◆ **Problem requirements**
Data follows below. Repeat exactly the lines between the line holding "Petite Colour Block Knitted" and the line holding "Burgundy earrings and necklace in a gift box", inclusive, and nothing more; drop pictures.

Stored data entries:
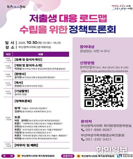 한민일보 서울포커스 임광현 기자 | 부산광역시의회 복지환경위원회 윤태한 위원장(사상구1, 국민의힘)은 2025년 10월 30일 15시 부산광역시의회 2층, 대회의실에서 ⌜저출생 대응 로드맵 수립을 위한 정책토론회⌟를 개최한다고 전했다.
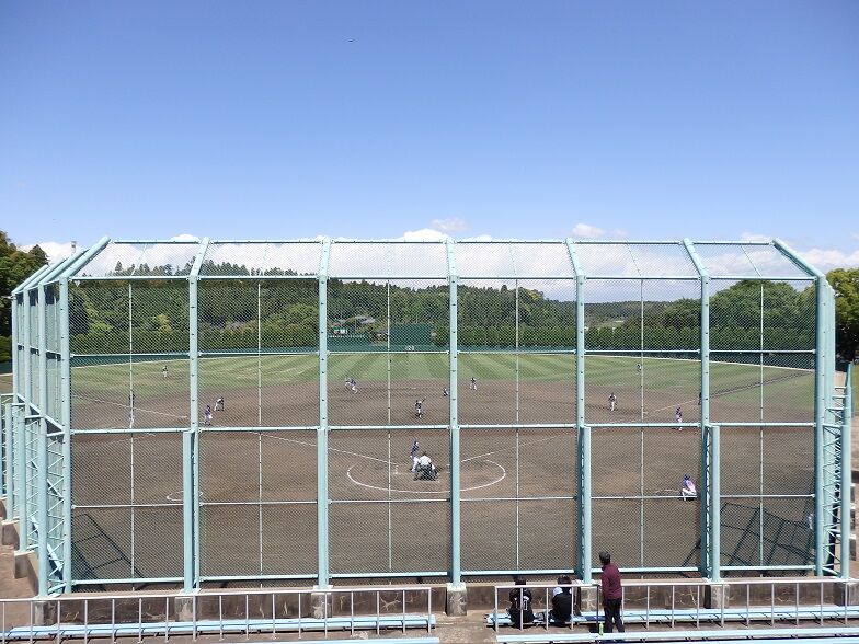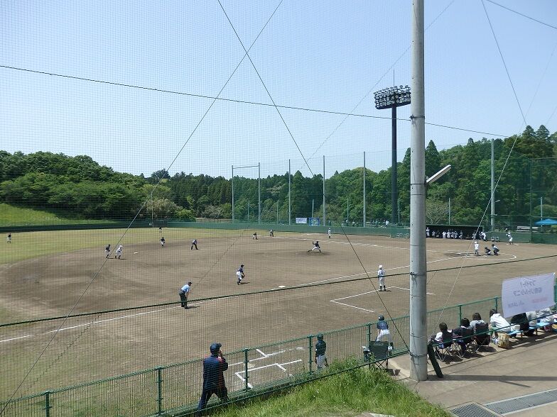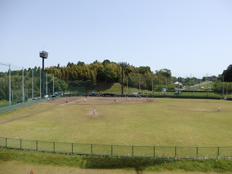 2021年05月02日 東金青年の森公園野球場 方位:北北西 住所:東金市松之郷186 両翼92m・中堅120m観客席:内野長椅子席が16列+芝生席、 屋根:なしスコアボード:手動式、 照明:なし {観戦・撮影日:R03.05.02}第25回東金市春季野球大会 二回戦 (NEXUS 8-0 グリーン トラックス) 「放送あり」{訪問・撮影日:H26.10.19}県中学新人軟式大会 準々決勝 (西原3-2習志野四) 「放送あり」球場一覧(目次&リンク集)
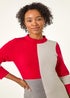 Petite Colour Block Knitted Dress from Roman. Elevate your Autumn Winter wardrobe with our trendy Petite colour block knit dress. This fitted dress has a striking colour block design and is perfect for making a style statement. The round neckline and 3/4 sleeves add a touch of sophistication, while the shape flatters your figure. Pair with tights and heeled boots for the ultimate outfit perfect for the colder seasons!
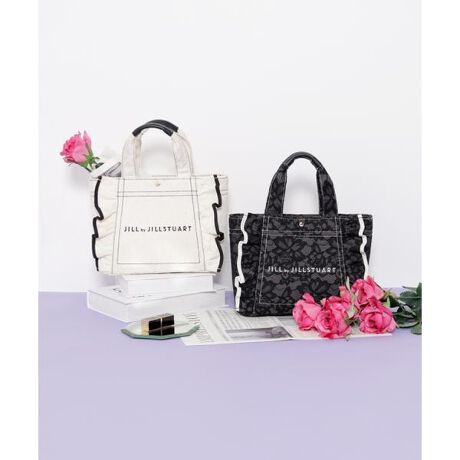 JILL by JILL STUART 定番のフリルトートからレース素材が登場!定番のキャンバスライクな素材にレース生地を貼り合わせて大人かわいい印象に。同系色でまとめたデザインが上品さを叶えます。内側は荷物を整理しやすい小物ポケット付き。背面とハンドル部分には合皮素材を合わせて、品の良さと実用性も兼ね備えました。季節を問わず幅広いシーンにお使いいただけます。※撮影時照明の関係により、色味が違って見える場合がございます。またパソコン・スマートフォンなどの環境により、若干製品と画像のカラーが異なる場合もございます。予めご了承ください。商品の色味は、商品単品画像をご参照下さい。※商品画像はサンプルのため、色味やサイズ等の仕様に変更がある場合がございますので、予めご了承ください。
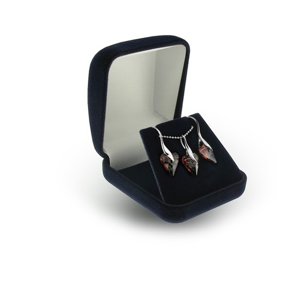 Burgundy earrings and necklace in a gift box
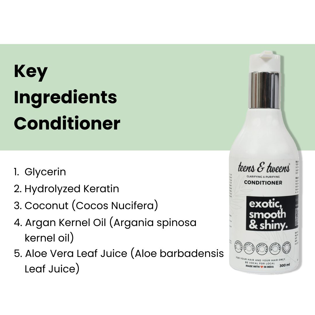 teens & tweens presents the Clarifying & Purifying Hair Conditioner, the key to vibrant, healthy hair for children aged 7-18 in India. Committed to safety and effectiveness, our brand offers paraben-free, sulfate-free, and pH-balanced (4.5-5.5) products crafted from plant-based actives. Bid farewell to dull, oily hair! Our unique hair conditioner is specially formulated to promote better shine, hydration, moisture retention, and reduction in frizz. It perfectly complements our Clarifying & Purifying Shampoo, ensuring your child’s hair stays soft, smooth, and protected. Experience the magic of teens & tweens Clarifying & Purifying Hair Conditioner and embrace naturally beautiful hair every day.
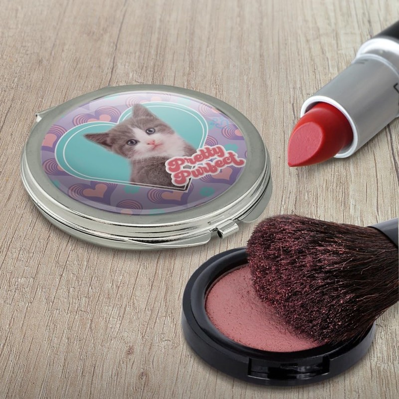 GRAPHICS & MORE Pretty Purfect Kitty Heart Compact Travel Purse Handbag Makeup Mirror
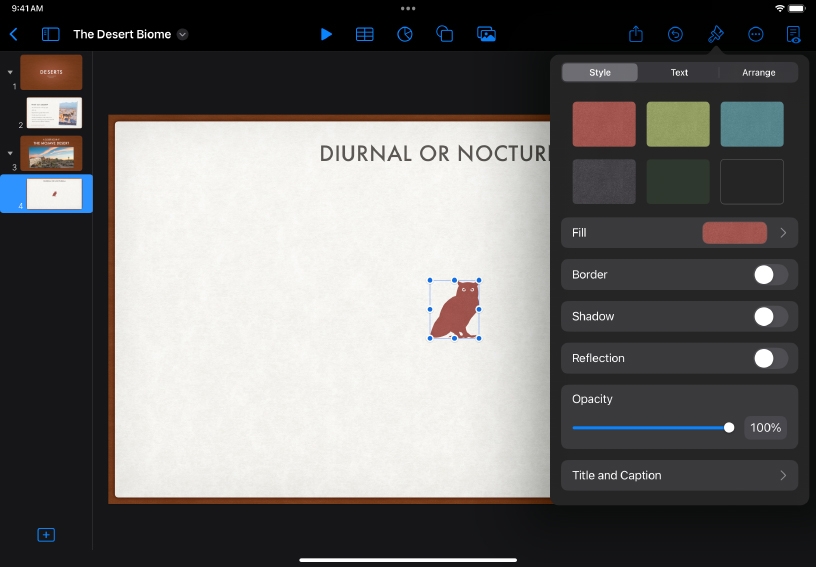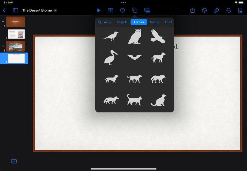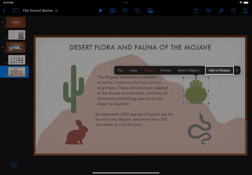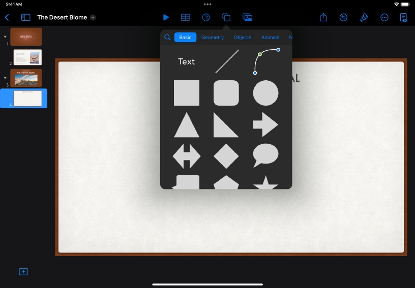 If you don’t find the shape you need in Keynote, you can make your own by combining or breaking apart existing shapes. After creating a custom shape, you can save it to your shapes library so you can use it in other projects
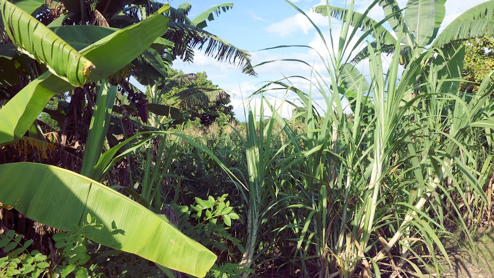 Rings um die Lagos werden alle möglichen tropischen Nutzpflanzen angebaut: hier Bananan und Zuckerrohr.
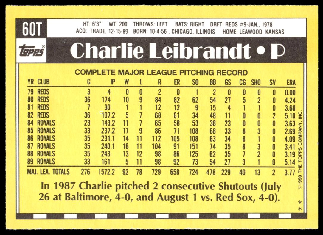This BaseballΒ card, from 1990 is part of the Topps TradedΒ card set. Charlie Leibrandt is featured and has a card number of 60T.
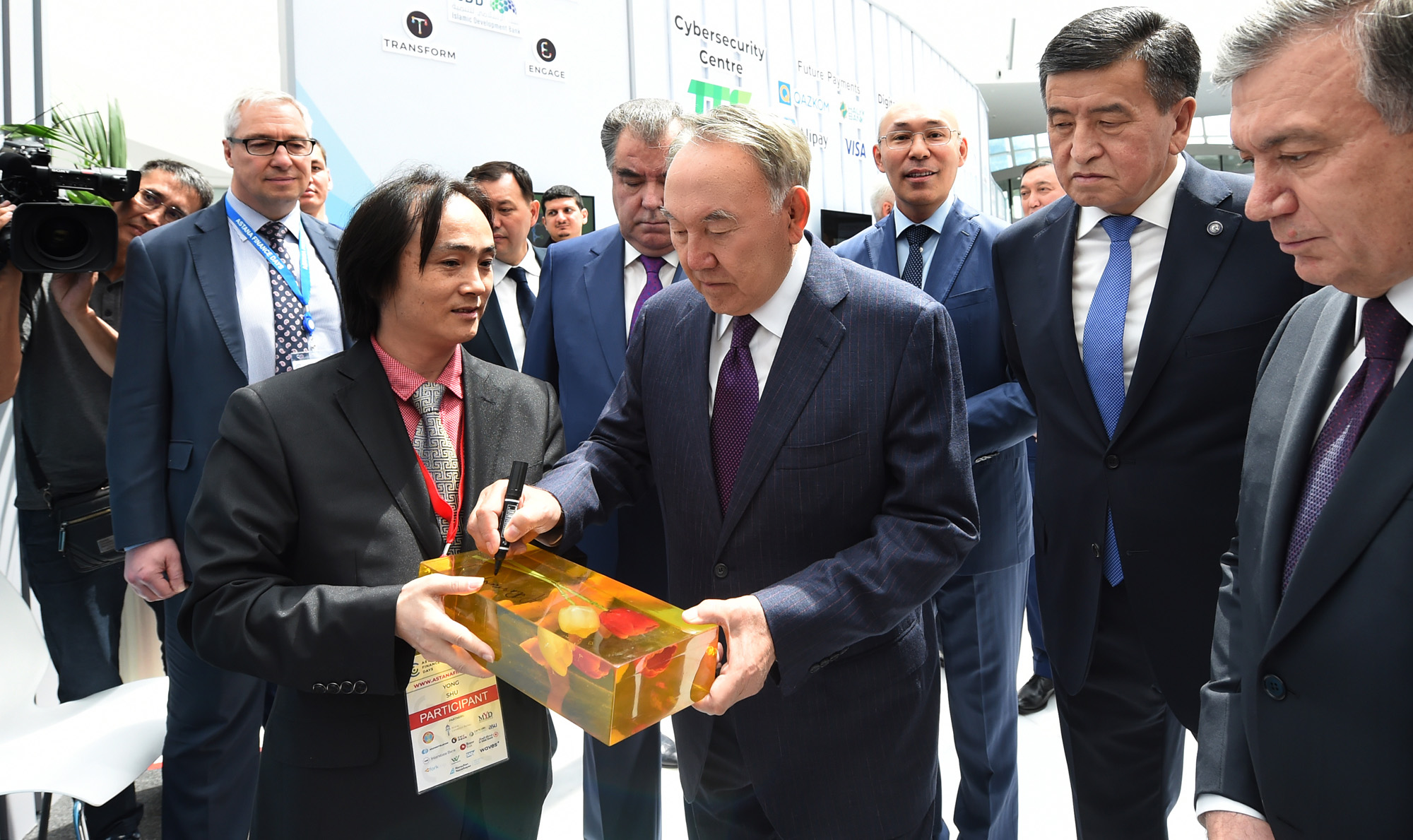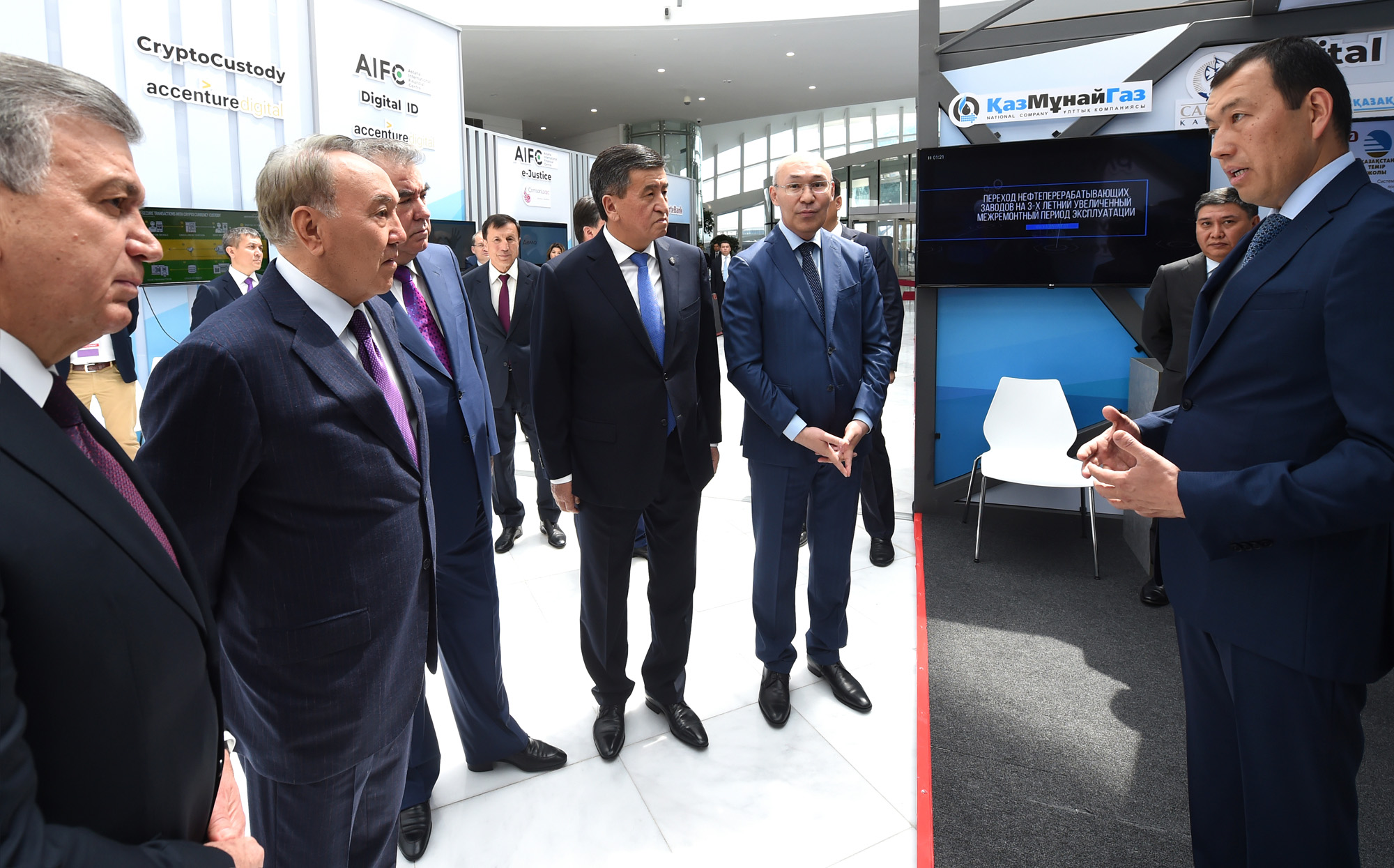 The President of Kazakhstan Nursultan Nazarbayev together with Presidents of the Kyrgyz Republic Sooronbay Jeenbekov, the Republic of Tajikistan Emomali Rahmon, the Republic of Uzbekistan Shavkat Mirziyoyev examined the digitalization exhibition timed to the opening of Astana International Financial Centre.
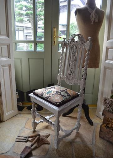 | ご注意事項 | 【海外直輸入中古品】使用されていた古い物の為、表面の傷やすれ、若干座面のほつれなどあり年月の経過した風合いです。左のギボシ飾りに欠けあり。がたつき等調節済み。極力ビス等を使わず組んである華奢な構造の為、乾燥などによる木の歪みにより、使用する内にがたついてきた場合は涙石などで調節して下さい。モニターの発色の具合によって実際のものと色が異なる場合がある。 |
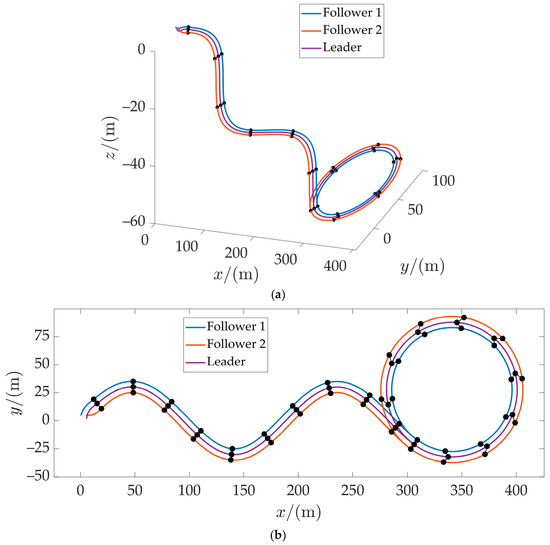 Formation-following situation. (a) Three-dimensional following situation (b) x-y plane projection following situation.
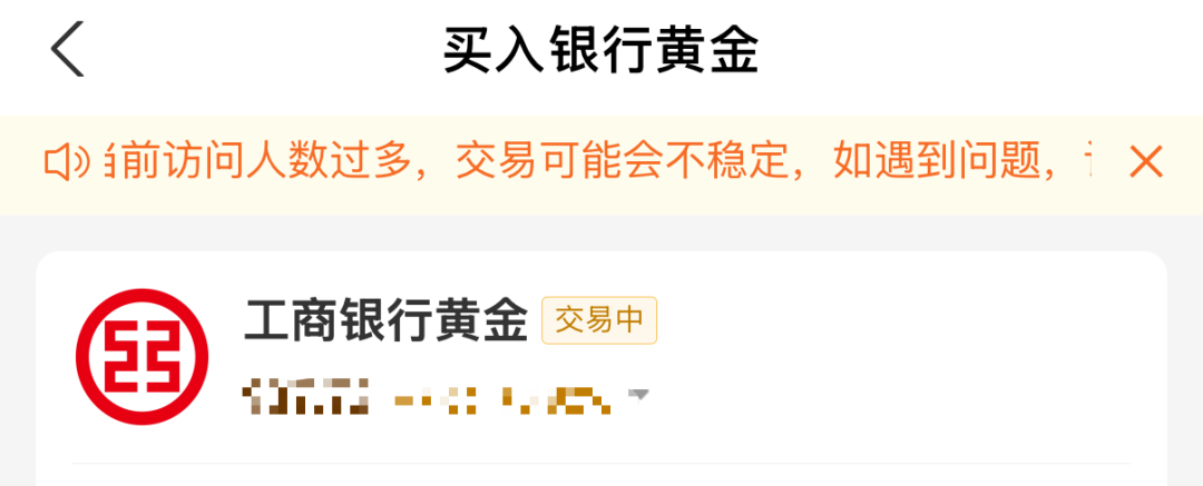 據多家媒體報道,今日(10月14日)盤中,在螞蟻財富平臺上銷售的工商銀行積存金一度出現“不可開戶”情況。截至發稿,開戶已恢復正常。不過,記者注意到,在支付寶APP“買入銀行黃金”的頁面上,已有滾動提示:“當前訪問人數過多,交易可能會不穩定,如遇到問題,請嘗試重試操作。”

◆ **Solution**
 Petite Colour Block Knitted Dress from Roman. Elevate your Autumn Winter wardrobe with our trendy Petite colour block knit dress. This fitted dress has a striking colour block design and is perfect for making a style statement. The round neckline and 3/4 sleeves add a touch of sophistication, while the shape flatters your figure. Pair with tights and heeled boots for the ultimate outfit perfect for the colder seasons!
 JILL by JILL STUART 定番のフリルトートからレース素材が登場!定番のキャンバスライクな素材にレース生地を貼り合わせて大人かわいい印象に。同系色でまとめたデザインが上品さを叶えます。内側は荷物を整理しやすい小物ポケット付き。背面とハンドル部分には合皮素材を合わせて、品の良さと実用性も兼ね備えました。季節を問わず幅広いシーンにお使いいただけます。※撮影時照明の関係により、色味が違って見える場合がございます。またパソコン・スマートフォンなどの環境により、若干製品と画像のカラーが異なる場合もございます。予めご了承ください。商品の色味は、商品単品画像をご参照下さい。※商品画像はサンプルのため、色味やサイズ等の仕様に変更がある場合がございますので、予めご了承ください。
 Burgundy earrings and necklace in a gift box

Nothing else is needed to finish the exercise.